_Records provided:_
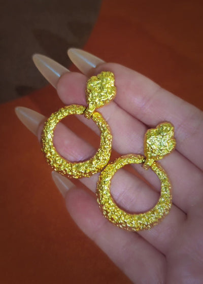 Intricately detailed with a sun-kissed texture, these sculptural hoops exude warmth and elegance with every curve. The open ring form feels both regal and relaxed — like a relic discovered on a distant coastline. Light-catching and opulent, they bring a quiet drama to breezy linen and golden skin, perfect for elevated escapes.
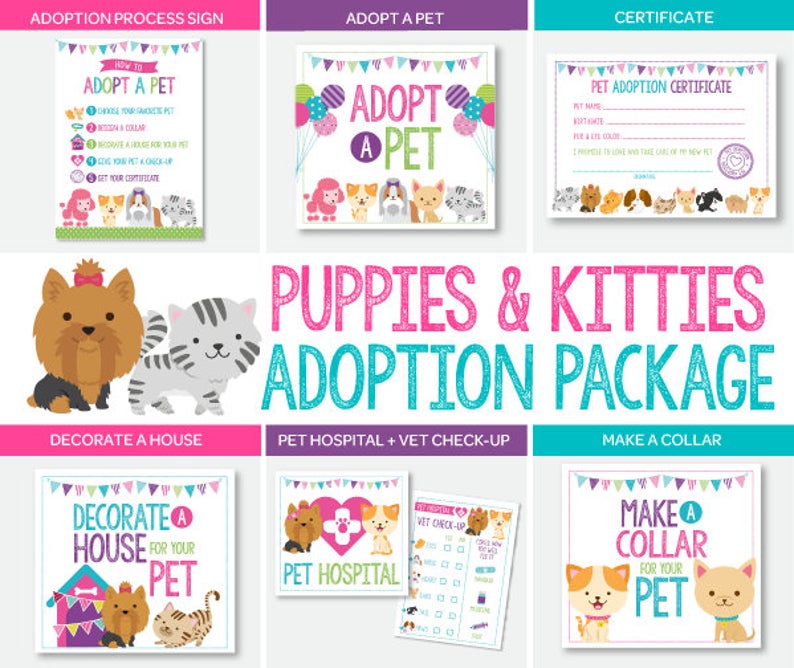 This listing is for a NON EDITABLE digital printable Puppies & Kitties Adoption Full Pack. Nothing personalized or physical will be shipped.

...

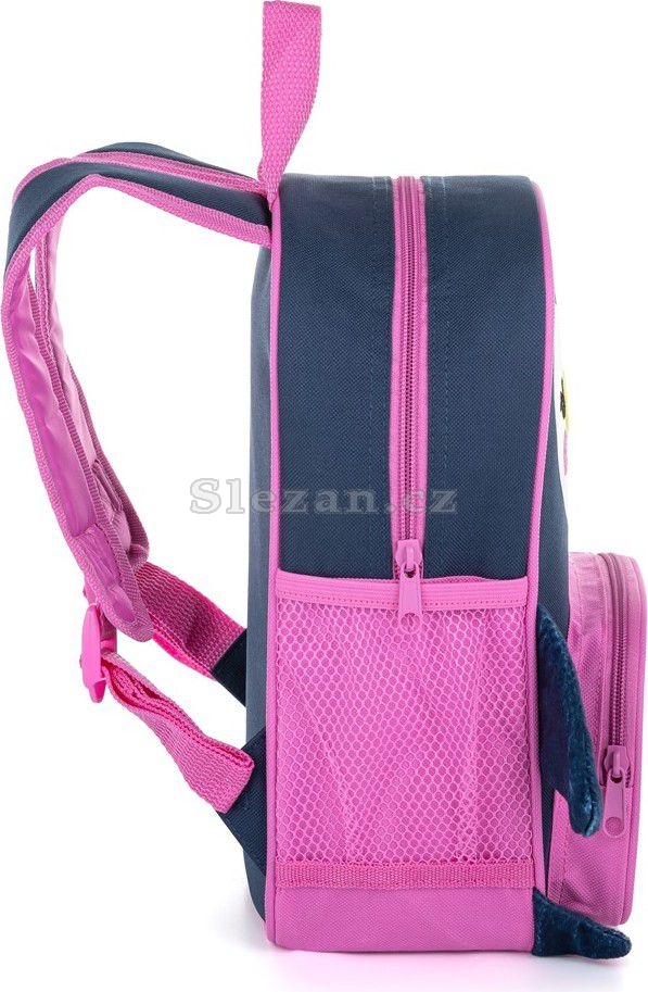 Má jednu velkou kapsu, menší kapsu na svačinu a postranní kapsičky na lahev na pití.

_Task brief:_ Every line above between the one containing "Intricately detailed with" and the one containing "This listing is", those two included, is to be printed exactly. No pictures go into the copy.

_Exercise output:_
 Intricately detailed with a sun-kissed texture, these sculptural hoops exude warmth and elegance with every curve. The open ring form feels both regal and relaxed — like a relic discovered on a distant coastline. Light-catching and opulent, they bring a quiet drama to breezy linen and golden skin, perfect for elevated escapes.
 This listing is for a NON EDITABLE digital printable Puppies & Kitties Adoption Full Pack. Nothing personalized or physical will be shipped.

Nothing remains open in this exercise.